• What needs to be done
Using the records below, transcribe exactly only the lines from the one with "By calculating the" through the end, both included, and drop every picture.

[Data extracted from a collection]

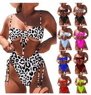 2021新款豹纹蛇皮比基尼泳衣高腰分体泳衣 速卖通跨境批发 bikini
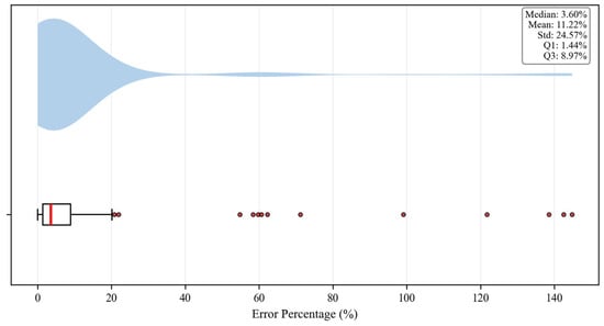 By calculating the proportion of test set samples with prediction errors below specific thresholds, we quantitatively evaluated each model’s overall fitting performance. As shown in Table 7 and Figure 9, a total of 19.62% of samples have prediction errors less than 1%, with over 90% of samples having errors less than 15%.
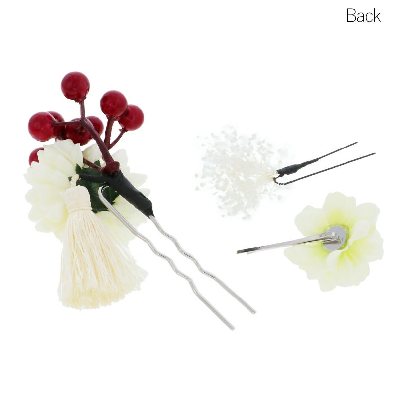 【カラー】オフホワイトのポンポンのようなお花に赤い実、ベージュのタッセルのミニかんざし、細かな白花のUピン、クリーム色のお花のヘアピンの3点セットです。洋風アレンジにも◎
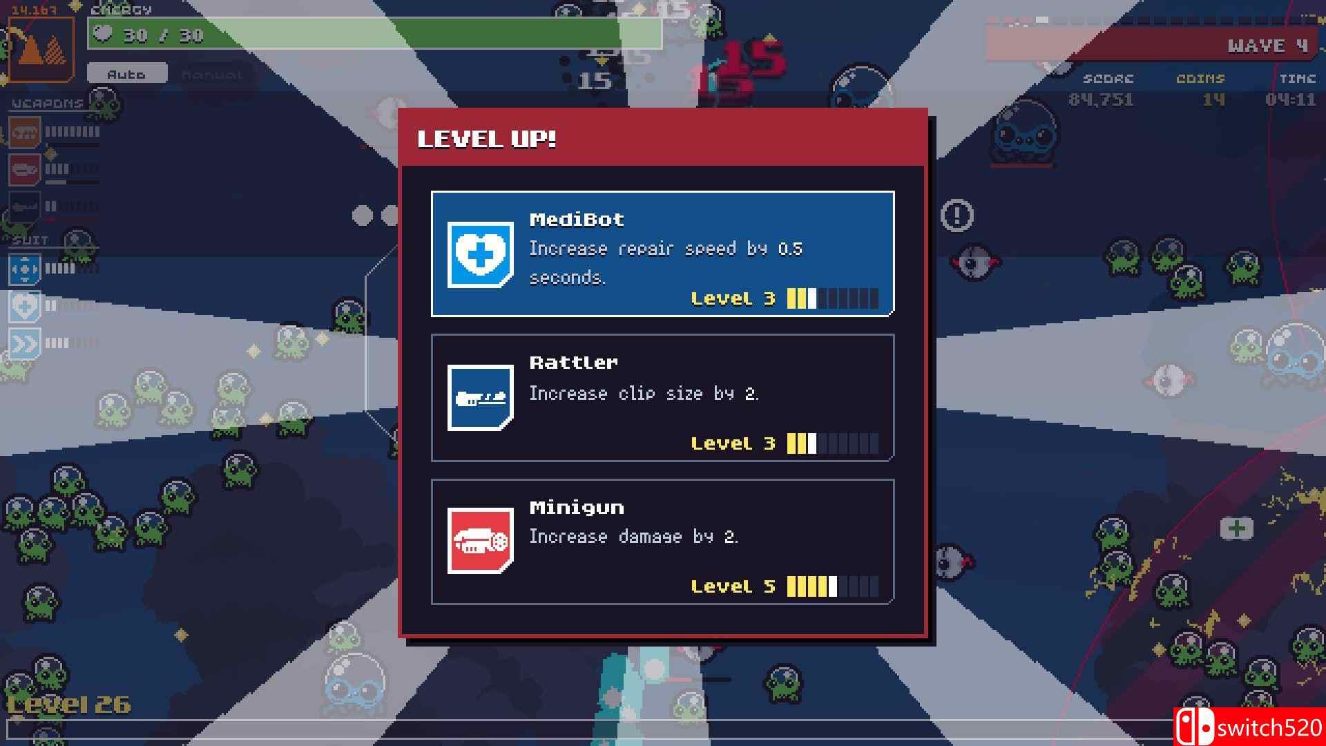 《机甲守护者》是一款动作冒险类(ACT)游戏,《机甲守护者》是一款结合了街机射击和类Roguelike元素的双摇杆生存射击游戏。玩家将驾驶先进的机甲战斗服,面对源源不断的外星入侵者,使用强大的武器进行反击。每次游戏都提供独特的挑战,玩家可以通过升级装备、解锁新机甲和技能,提升战斗力。switch520
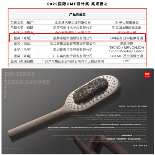 2022國際CMF設計獎獲獎作品及獎項授予名單于近日隆重揭曉,箭牌家居ORI系列搓淋按摩花灑榮獲產品類金獎(家居),是8個產品類金獎中,唯一一個家居領域的產品,工業設計能力再獲國際認可。
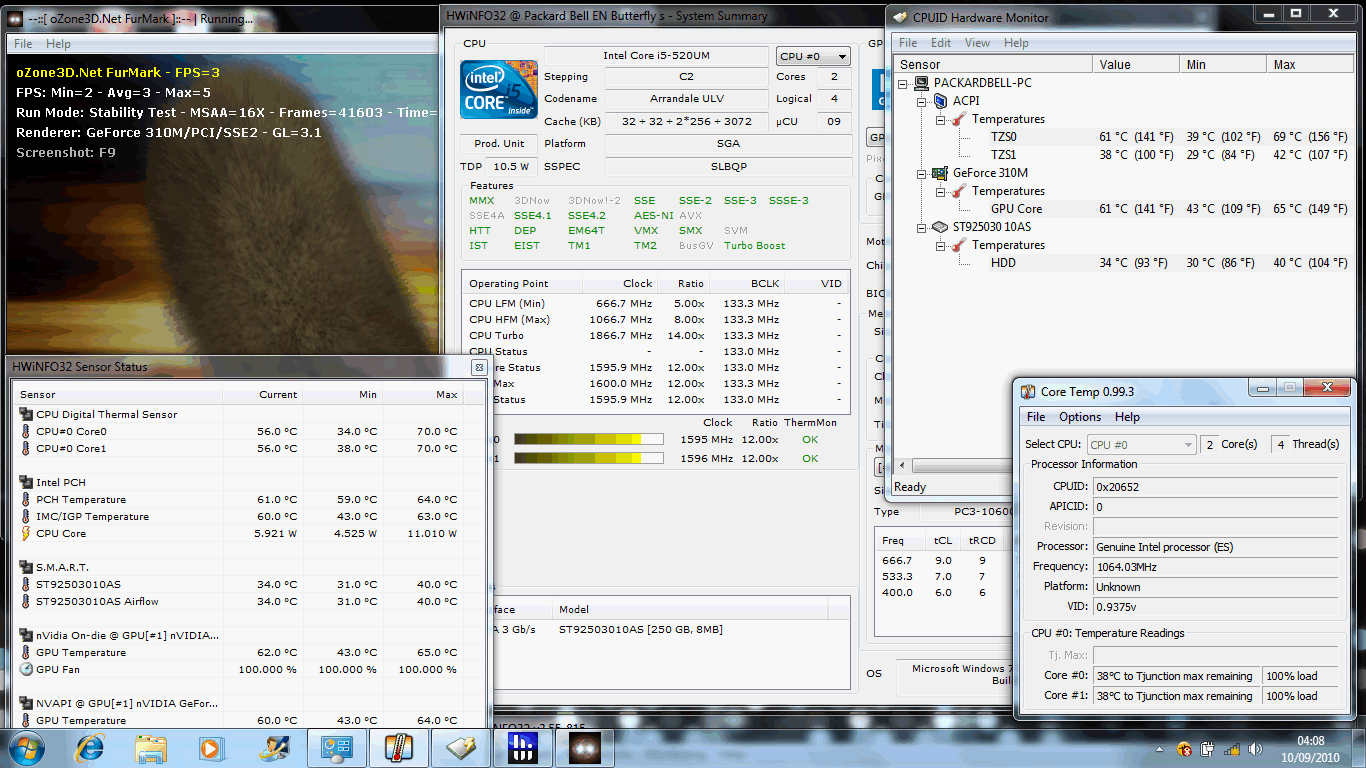 Der Core i5-520UM erhitzte sich intern maximal auf 70 Grad, die Nvidia 310M lag bei höchstens 65 Grad. Auch diese unbedenklichen Werte sprechen von einem ausgereiften System aus Heatpipes und aktiven Doppel-Lüftern.
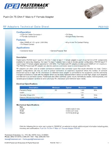 RF Adapters Technical Data Sheet PE9160

• Answer for this exercise
 By calculating the proportion of test set samples with prediction errors below specific thresholds, we quantitatively evaluated each model’s overall fitting performance. As shown in Table 7 and Figure 9, a total of 19.62% of samples have prediction errors less than 1%, with over 90% of samples having errors less than 15%.
 【カラー】オフホワイトのポンポンのようなお花に赤い実、ベージュのタッセルのミニかんざし、細かな白花のUピン、クリーム色のお花のヘアピンの3点セットです。洋風アレンジにも◎
 《机甲守护者》是一款动作冒险类(ACT)游戏,《机甲守护者》是一款结合了街机射击和类Roguelike元素的双摇杆生存射击游戏。玩家将驾驶先进的机甲战斗服,面对源源不断的外星入侵者,使用强大的武器进行反击。每次游戏都提供独特的挑战,玩家可以通过升级装备、解锁新机甲和技能,提升战斗力。switch520
 2022國際CMF設計獎獲獎作品及獎項授予名單于近日隆重揭曉,箭牌家居ORI系列搓淋按摩花灑榮獲產品類金獎(家居),是8個產品類金獎中,唯一一個家居領域的產品,工業設計能力再獲國際認可。
 Der Core i5-520UM erhitzte sich intern maximal auf 70 Grad, die Nvidia 310M lag bei höchstens 65 Grad. Auch diese unbedenklichen Werte sprechen von einem ausgereiften System aus Heatpipes und aktiven Doppel-Lüftern.
 RF Adapters Technical Data Sheet PE9160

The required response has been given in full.